Nanjing City, China, 20-23 October 2023
By Zhenghong Chen, ICHM Vice-President and China Regional Representative
The 6th Conference on the History of Chinese Meteorological Science and Technology was successfully held in Nanjing City, China in October 2023. This conference was organized by Professor Zhenghong Chen, Vice-President of ICHM and Regional Representative of China, and co-hosted by the China Meteorological Administration Training Centre (CMATC), the Committee for the History of China Meteorological Science and Technology, and Nanjing University of Information Science and Technology (NUIST). Under the background of addressing global climate change, the theme of the conference was “Research on Meteorological History and Communication of Meteorological Culture.” The conference promoted the dissemination of the history of meteorological technology and culture in Chinese universities and across diverse disciplines.
Professor Li Beiqun, President of NUIST, Professor Sun Xiaochun, President of the Chinese Society for the History of Science and Technology, Professor Xu Xiaofeng, Former Deputy Administrator of China Meteorological Administration, and President of the China Meteorological Service Association, Professor Yu Yubin, President of the CMATC, and Professor Zhenghong Chen, as Vice-President and China Regional Representative of ICHM, opened the conference.

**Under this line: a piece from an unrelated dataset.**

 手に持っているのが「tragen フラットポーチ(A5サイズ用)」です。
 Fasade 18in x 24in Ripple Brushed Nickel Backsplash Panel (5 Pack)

In their opening talks, they pointed out the importance of studying the history of meteorological science and technology from the strategic perspective of the development and innovation of China’s meteorological industry and atmospheric disciplines. They emphasized the role of meteorological science and technology in different fields, including its value in weather science education for the public. In the future, they highlighted, nationwide cooperation should be further strengthened to promote the history of meteorological science and technologies.
Professor Zhenghong Chen also delivered a speech on behalf of ICHM and the Co-Presidents, Fiona Williamson and Martin Mahony, to introduce ICHM to the audience and to invite more Chinese scholars to join ICHM. It is important, he noted, for ICHM to continue to support meteorological history in countries around the world, including China, in conducting meteorological history and related research.

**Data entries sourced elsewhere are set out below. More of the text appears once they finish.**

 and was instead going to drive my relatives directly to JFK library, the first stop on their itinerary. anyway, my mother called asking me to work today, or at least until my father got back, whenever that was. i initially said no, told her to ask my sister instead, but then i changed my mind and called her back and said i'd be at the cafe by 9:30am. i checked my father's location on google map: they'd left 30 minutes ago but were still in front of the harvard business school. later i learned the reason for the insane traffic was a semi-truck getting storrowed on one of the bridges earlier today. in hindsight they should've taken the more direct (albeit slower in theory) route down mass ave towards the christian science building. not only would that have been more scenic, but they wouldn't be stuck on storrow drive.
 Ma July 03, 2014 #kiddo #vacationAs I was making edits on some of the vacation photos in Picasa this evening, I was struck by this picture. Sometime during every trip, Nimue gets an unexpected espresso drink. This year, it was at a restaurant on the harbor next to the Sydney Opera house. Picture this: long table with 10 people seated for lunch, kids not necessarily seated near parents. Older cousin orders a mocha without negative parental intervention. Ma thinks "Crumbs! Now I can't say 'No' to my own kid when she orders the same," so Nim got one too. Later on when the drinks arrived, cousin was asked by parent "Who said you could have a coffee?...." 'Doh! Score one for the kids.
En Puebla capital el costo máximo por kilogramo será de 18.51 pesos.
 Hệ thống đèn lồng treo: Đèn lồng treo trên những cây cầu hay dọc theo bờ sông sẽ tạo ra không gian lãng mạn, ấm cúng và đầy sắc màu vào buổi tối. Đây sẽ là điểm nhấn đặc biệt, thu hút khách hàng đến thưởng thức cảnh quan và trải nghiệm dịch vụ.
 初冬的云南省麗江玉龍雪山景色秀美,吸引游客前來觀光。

The conference participants held lively discussions on ten topics, including “Meteorological Technology and Social Civilization Evolution”; the “History of Climate Change and Meteorological Disasters”; “Phenology and Life History”; “Protection of Meteorological Cultural Heritage”, and the “History of Various Branches of Atmospheric Science”. More than 130 experts and scholars from 28 universities and meteorological bureaus across China participated in this conference. Participants expressed that the conference had opened up new ideas for meteorological research and provided a rare learning and exchange platform on how to organically integrate local history and humanities with meteorological and technological history. Overall, the conference enabled the successful presentation of the latest achievements in the historiography of Chinese meteorology and related research fields in recent years, revealing the relationship between meteorology and climate change and various aspects of human production, life, culture, environment, and national governance, demonstrating that meteorological history has become a new growth area in the field of scientific and technological history research. The conference also received airtime in Chinese national mainstream media including People’s Daily, China Daily, and China Meteorological News.
In the first Symposium/conference on the History of Meteorological Science and Technology in China was organized by Professor Zhenghong Chen in 2013. In the past decade, it has become a biennial event. This reflects the important position of meteorological, scientific and technological history in China, and demonstrates its huge popularity, with a large number of experts and scholars from universities, institutes, and meteorological bureaus joining the research to undertake and promote historical research in the field.